Assigned task: Repeat the data that follows in full. Do not include the pictures.

Information shown:
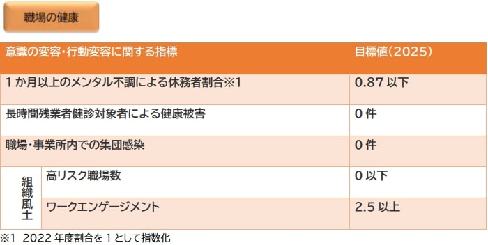 働きかたの多様化や社員の年齢構成の変化など、私たちの取り巻く環境が大きく変化することが想定されます。このような変化に向けて、社員一人ひとりが自身の健康状態を把握し、各自の状況に合った健康づくりに取り組んでいくことが重要と考えます。そこで、自律性の醸成・働くことと健康の調和を目指す「こころとからだの健康」と、安全配慮の徹底とチームでいきいきと働く組織風土の醸成を目指す「職場の健康*1」の2つを重点分野で取り組んでいます。なお、「健康Action2025」では、スローガン「気づく・学ぶ・行動する そして 認め合う」を掲げて活動を推進しています。
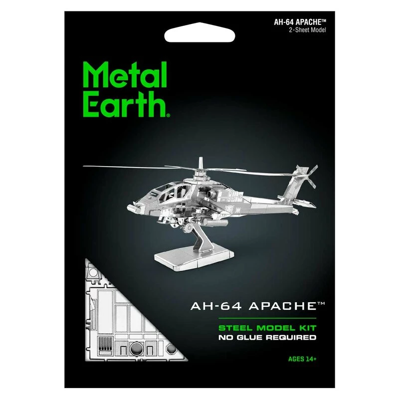 MetalEarth Aviation: AH-64 APACHE 12.2×12.2×5.5cm, maquette 3D en métal avec 2 feuilles, sur carte 12x17cm, 14+
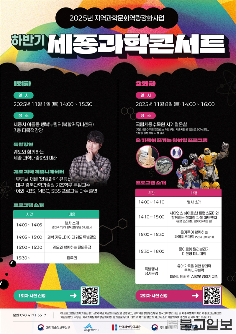 11월 1일에는 아름동 행복누림터에서 과학 커뮤니케이터 궤도(유튜브 ‘안될과학’)가 ‘세종 과학대중화의 미래’를 주제로 강연을 진행한다. 이번 강의에서는 과학문화 확산의 필요성과 과학소통의 중요성, 그리고 과학이 일상과 사회에 미치는 영향 등을 시민과 함께 탐구하는 시간을 가진다.

Problem solution:
 働きかたの多様化や社員の年齢構成の変化など、私たちの取り巻く環境が大きく変化することが想定されます。このような変化に向けて、社員一人ひとりが自身の健康状態を把握し、各自の状況に合った健康づくりに取り組んでいくことが重要と考えます。そこで、自律性の醸成・働くことと健康の調和を目指す「こころとからだの健康」と、安全配慮の徹底とチームでいきいきと働く組織風土の醸成を目指す「職場の健康*1」の2つを重点分野で取り組んでいます。なお、「健康Action2025」では、スローガン「気づく・学ぶ・行動する そして 認め合う」を掲げて活動を推進しています。
 MetalEarth Aviation: AH-64 APACHE 12.2×12.2×5.5cm, maquette 3D en métal avec 2 feuilles, sur carte 12x17cm, 14+
 11월 1일에는 아름동 행복누림터에서 과학 커뮤니케이터 궤도(유튜브 ‘안될과학’)가 ‘세종 과학대중화의 미래’를 주제로 강연을 진행한다. 이번 강의에서는 과학문화 확산의 필요성과 과학소통의 중요성, 그리고 과학이 일상과 사회에 미치는 영향 등을 시민과 함께 탐구하는 시간을 가진다.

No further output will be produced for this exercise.